Je choisirais les mots "journal" et "golf". Pourquoi ?

Parce que je reste journaliste.

Il m'arrive d'écrire un papier et de l'envoyer à mon journal. Juste comme ça. Ecrire un livre c'est un gros travail. Mais peut-être. Eventuellement. je ne dis pas non. C'est un gros travail au niveau de la documentation et des interviews. Et puis ça ne s'écrit pas en un jour ! [rires]

Et golf… parce que je joue au bridge et que mes partenaires parlent souvent de golf. Ça me ferait sans doute du bien, physiquement je veux dire, de faire un peu de sport. Pourquoi pas le golf ?

Journaliste revigoré

Et dans les sentiments je choisirais "terrifié" et "revigoré".

Terrifié parce que, il faut être honnête, j'avais vraiment peur. Mais c'est du passé.

J'ai l'impression qu'après un début difficile, la peur au ventre comme je le disais, je suis aujourd'hui totalement revigoré.

Comment j'ai fait ? Ça c'est un longue histoire un peu compliquée. [rires]

Certains n'arrêtent jamais de travailler

J'ajoute pour terminer que certains n'arrêtent jamais de travailler. C'est un début d'explication.

Qu'ils soient médecins ou journalistes. Regardez Françoise Giroud, Patrice Duhamel ou Jean Daniel… Et dans vos podcasts, j'ai entendu l'interview de Bertrand, le médecin qui continue à souffrir du syndrome du dimanche soir ! [rires]

Je n'évoque que pour le fun les hommes politiques. Tenez, par exemple, Chaban Delmas ! C'est en 1995, à l'âge de 80 ans, et pas avant, qu'il a décidé de ne pas se représenter à la mairie de Bordeaux.

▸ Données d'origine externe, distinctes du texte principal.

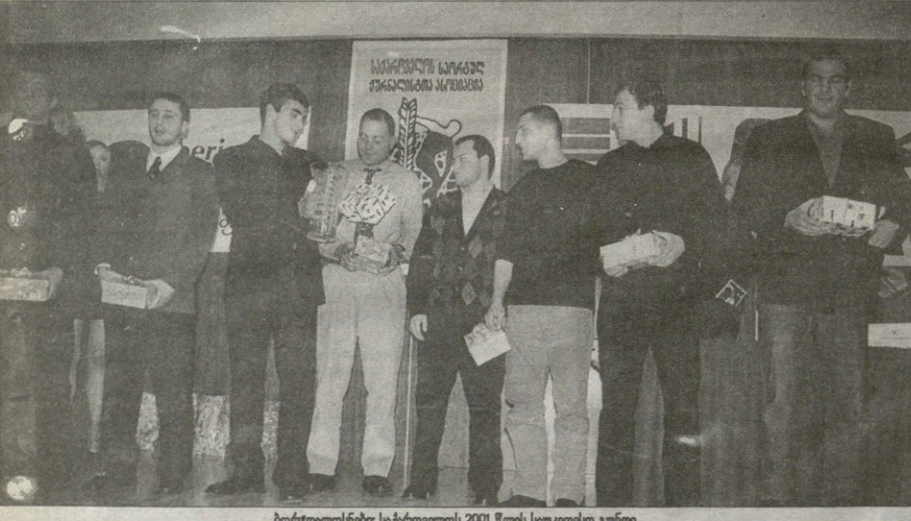
ბორბდობნებე საქართველოს 2001 წლის საუკეთესო გუნდი

J'ai un ami chef de pub dans la presse où j'ai sévi qui n'a arrêté son activité qu'à 70 ans, comme il en a le droit. De toute évidence, c'est la crainte de ne pas savoir comment faire avec sa femme, dans leur nouvelle vie de retraités, qui l'a freiné. Ça lui faisait peur.

Vive la retraite

Alors oui. Je dis oui, vive la retraite !

Je me sens revigoré, prêt pour une nouvelle vie.